Der Anlass dieser Demonstration sei, dass die Aufmerksamkeit auf die Situation in Kurdistan und auf die Lage Abdullah Öcalans gelenkt werden solle, hieß es. In diesem Jahr werde der Chef der seit 1993 in Deutschland verbotenen kurdischen Arbeiterpartei PKK, Abdullah Öcalan, seit 20 Jahren in Isolationshaft auf der türkischen Gefängnisinsel Imrali nahe Istanbul  festgehalten, erklärte das Gesellschaftszentrum. „Die Absicht dahinter ist, seine Persönlichkeit zu diskreditieren und gleichzeitig seine Ideen der Öffentlichkeit vorzuenthalten“, betonte der Verein. Seit April 2015 verhindere die Türkei jeglichen Kontakt zu Öcalan. In Deutschland dürften Bilder von Öcalan nur noch gezeigt werden, wenn es ausdrücklich nur um seine gesundheitliche Lage gehe.  

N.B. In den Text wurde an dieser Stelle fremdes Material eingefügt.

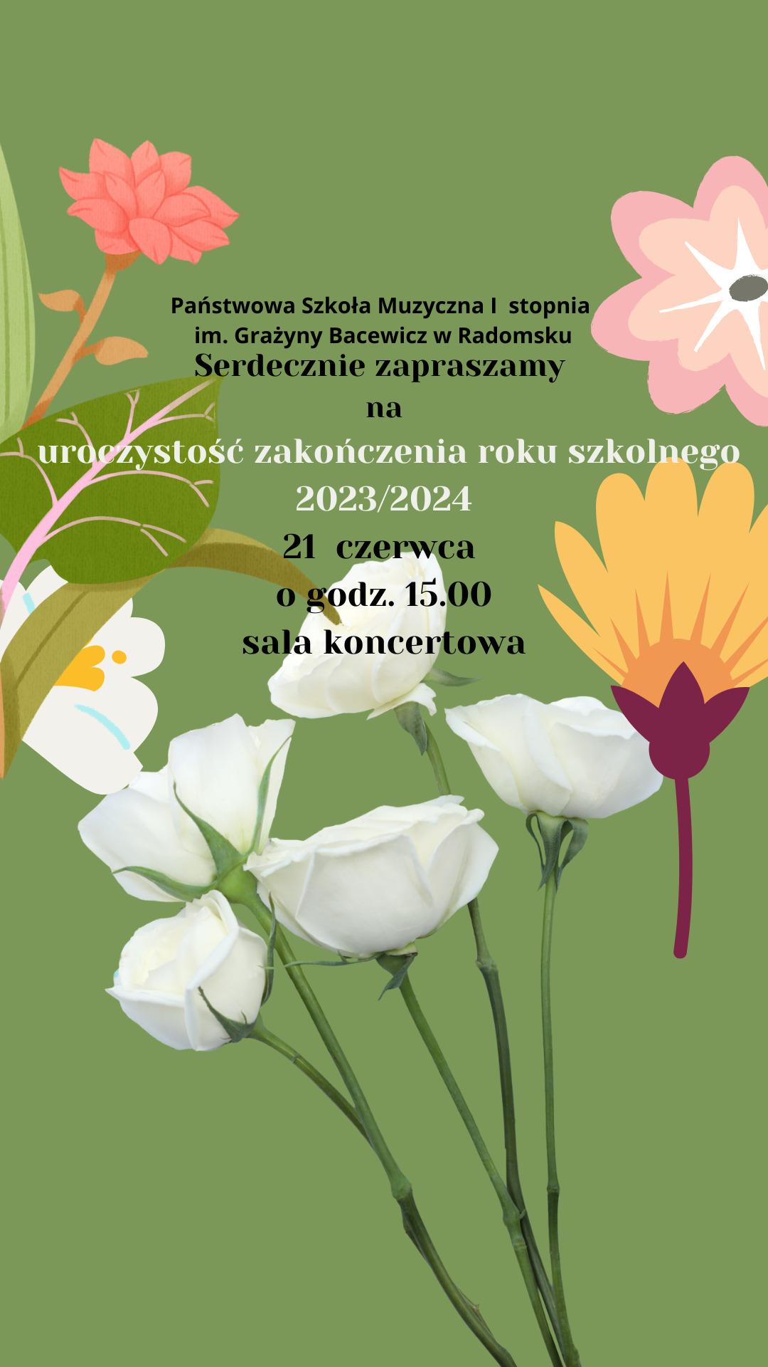 Zapraszamy serdecznie na uroczyste zakończenie roku szkolnego 2023/2024 już 21 czerwca, o godz. 15.00 w sali koncertowej naszej szkoły.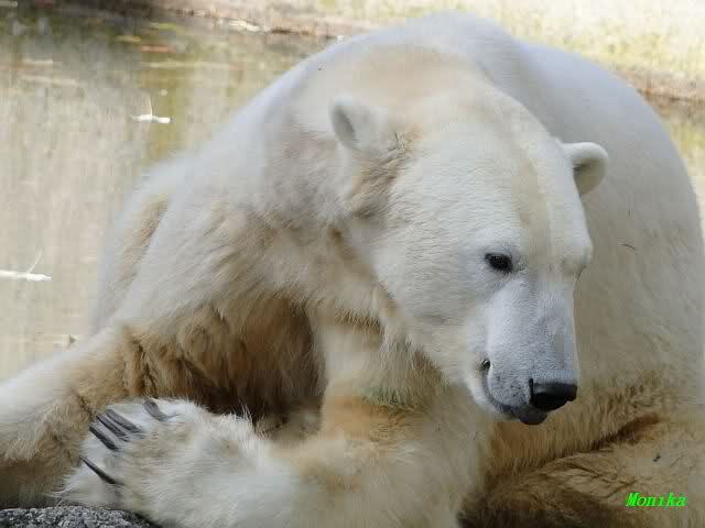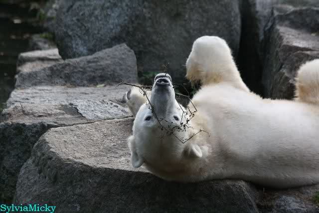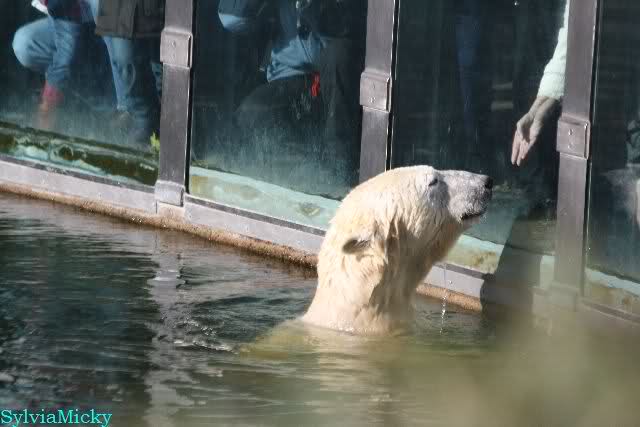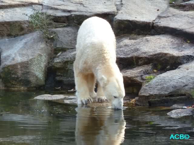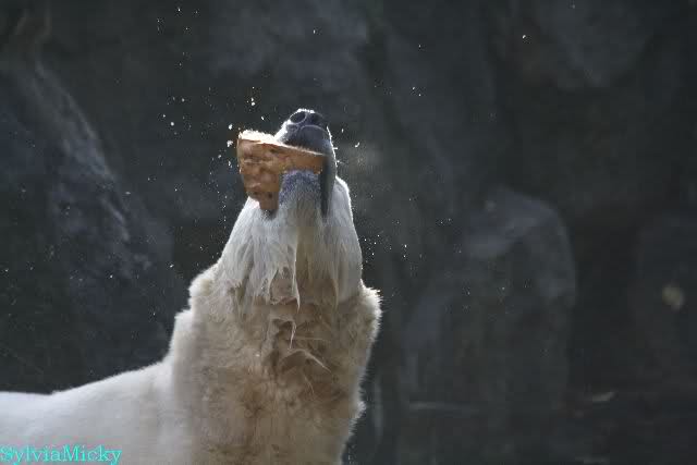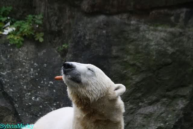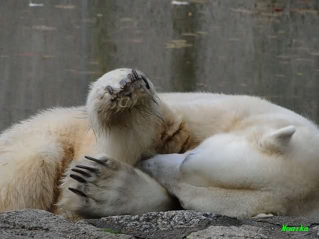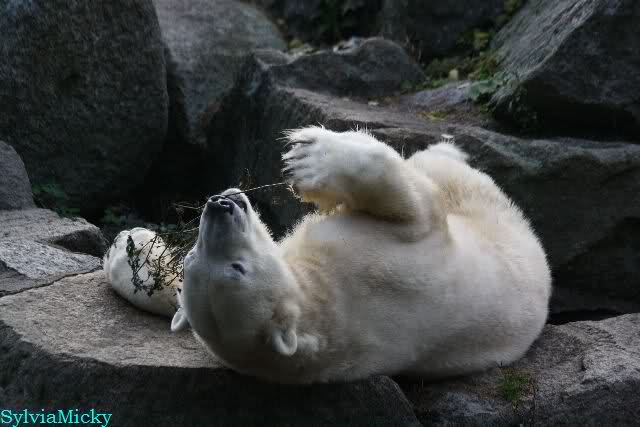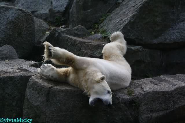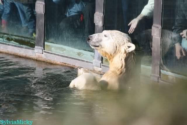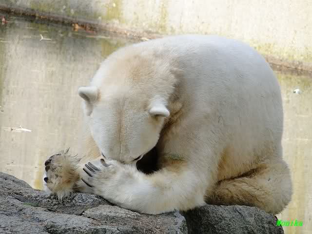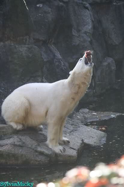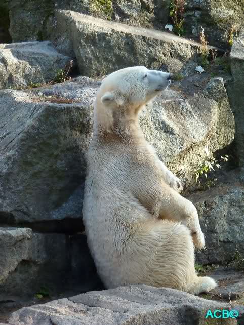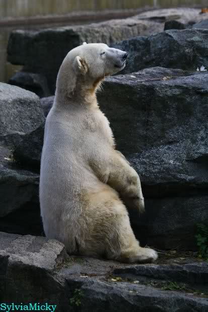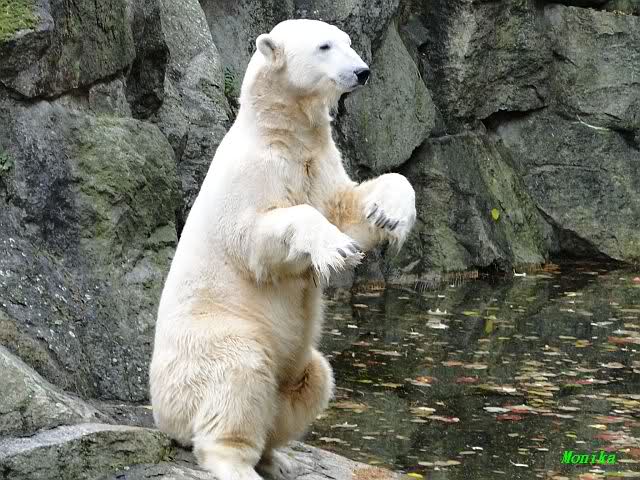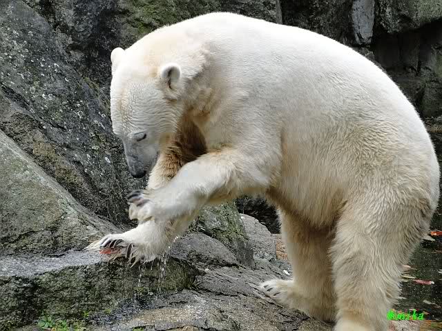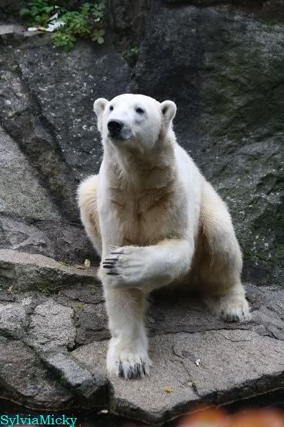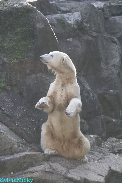 Nur mal so nebenbei: Es wird ja von Kritikern bemängelt, das Knut zu vermenschlicht ist und er stehend um Futter bettelt, bzw. danach winkt. Dieses Foto entstand 2007 bei den großen Eisbären im Berliner Zoo...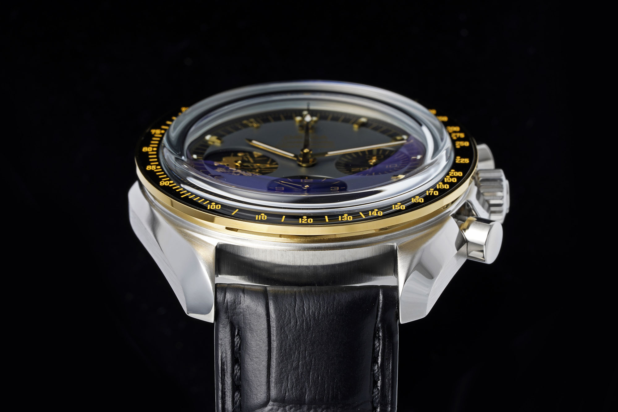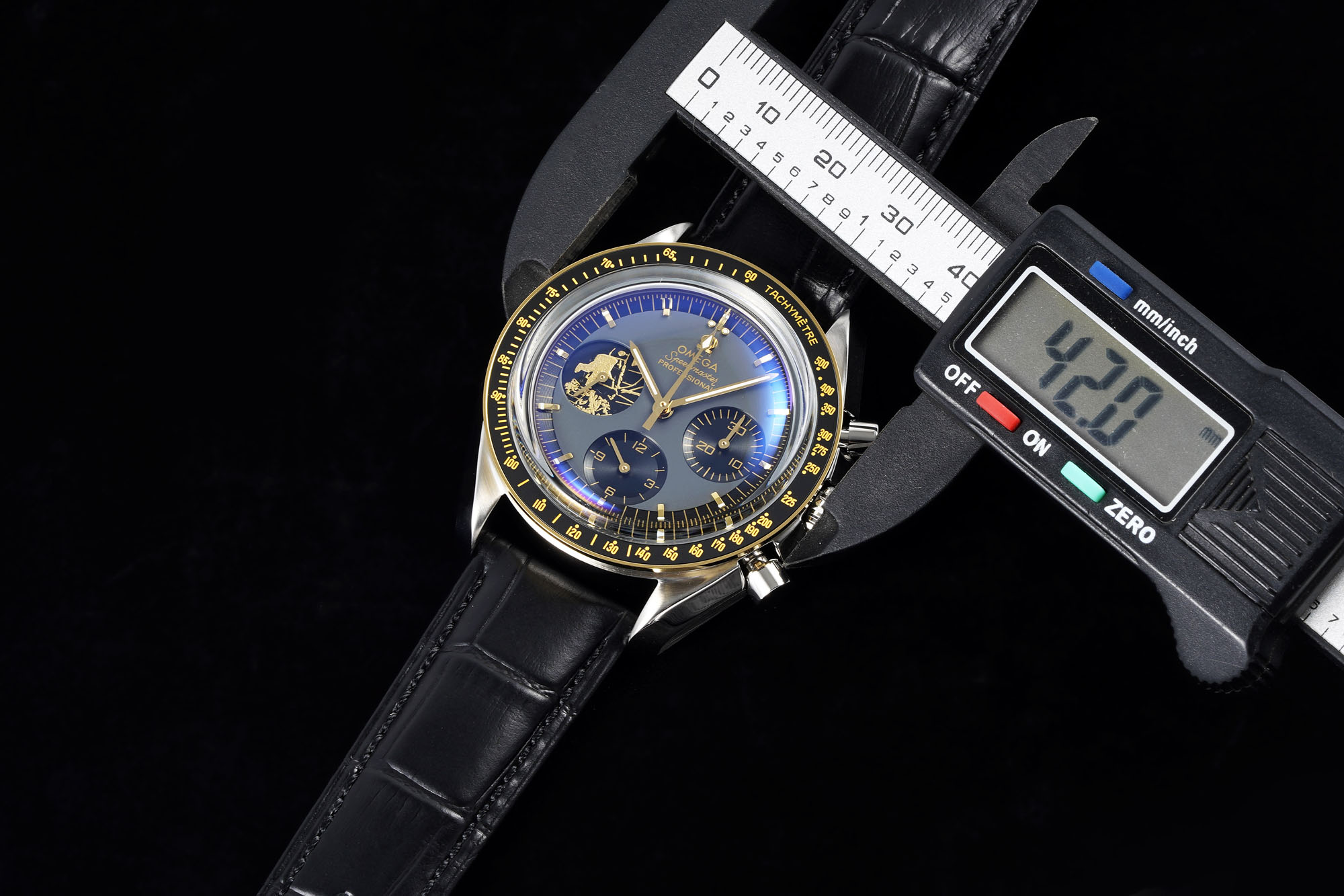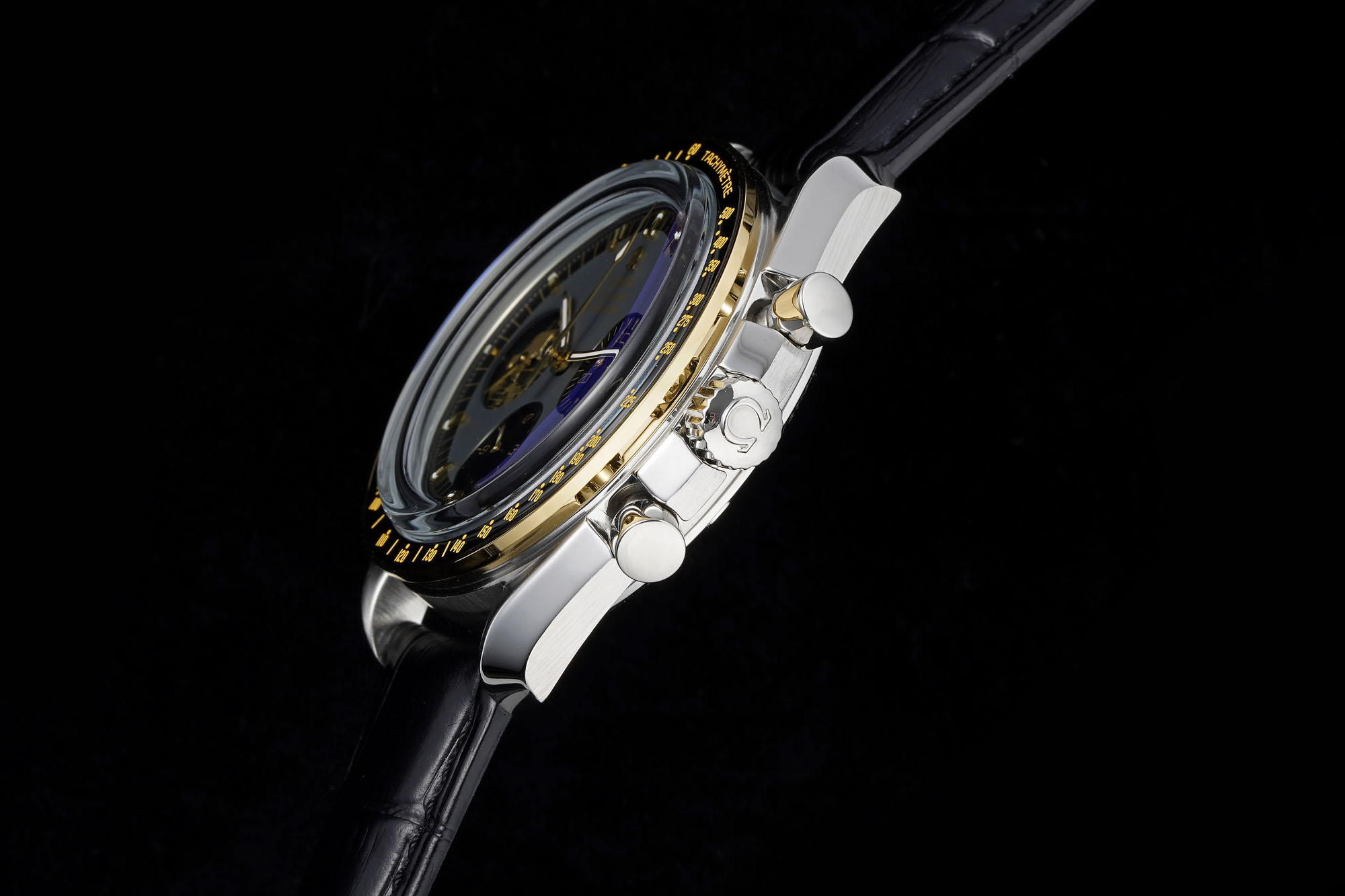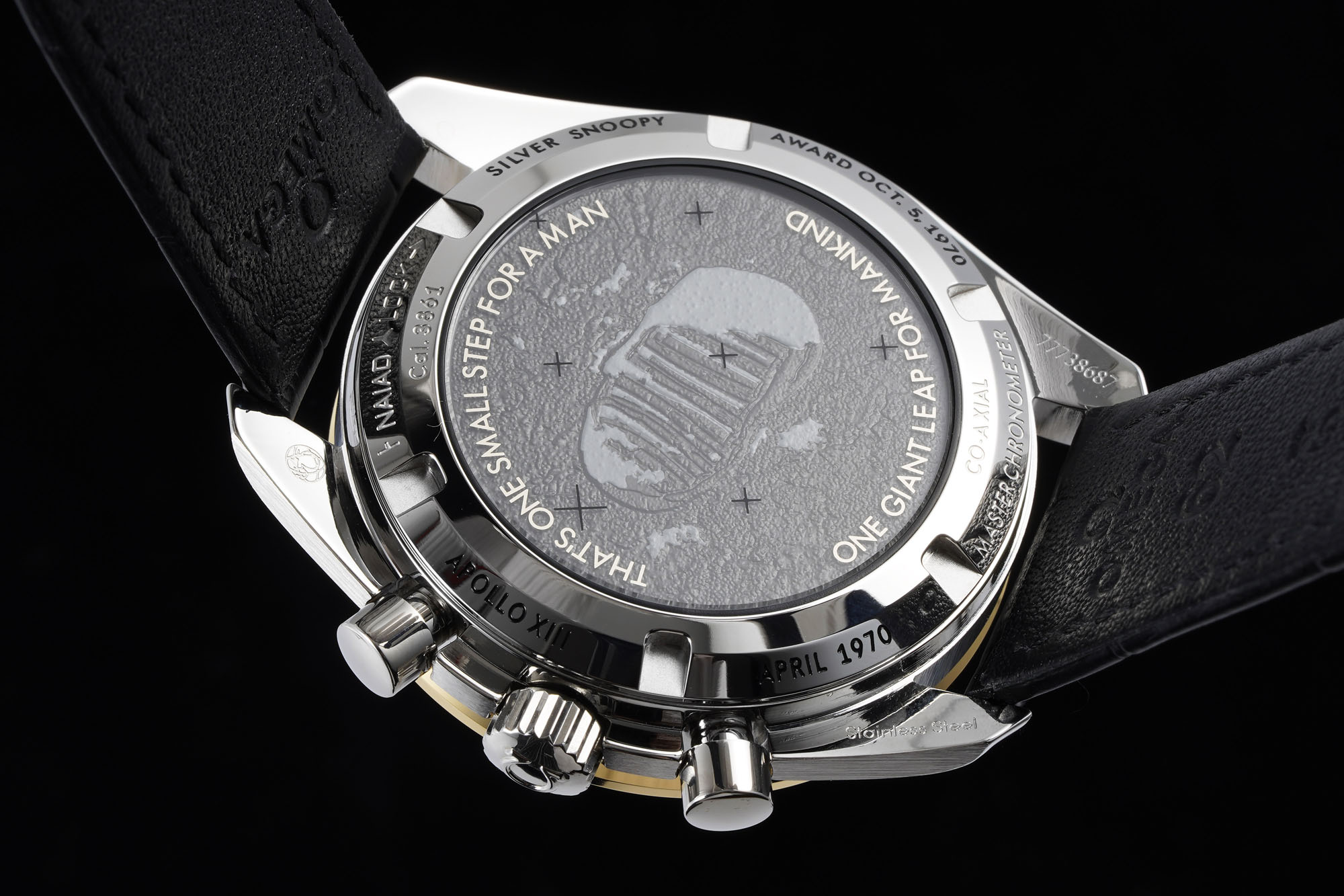 [Case] The case back features NAIAD clasp technology to ensure the engraved lettering remains in the correct position. The badge beneath the sapphire crystal case back is laser-engraved with astronaut Armstrong's lunar footprint.

Der „Lange Marsch“  und eine Demo in Straßburg sollen demnach zeigen, dass die Kurden den Umgang der Türkei mit Öcalan nicht hinnähmen, hieß es. Für eine Lösung der  Konflikte in der Türkei, Irak und Syrien sei die Freiheit Öcalans „unabdingbar“. Der Marsch solle die EU-Kommission und das Antifolterkomitee des Europarats dazu aufrufen, ihrer Verantwortung gerecht zu werden, betonte das Gesellschaftszentrum. Für die Kurden, die nach den Kriegswirren demokratische Strukturen in Nordsyrien und im Nordirak aufgebaut haben, wird die Lage nach dem Sieg über den Islamischen Staat, den die Kurden wesentlich erkämpft haben, kritisch. US-Präsident Donald Trump machte bereits Andeutungen, aus der Koalition mit den Kurden auszusteigen. Dann könnte die Türkei die Kurdengebiete angreifen.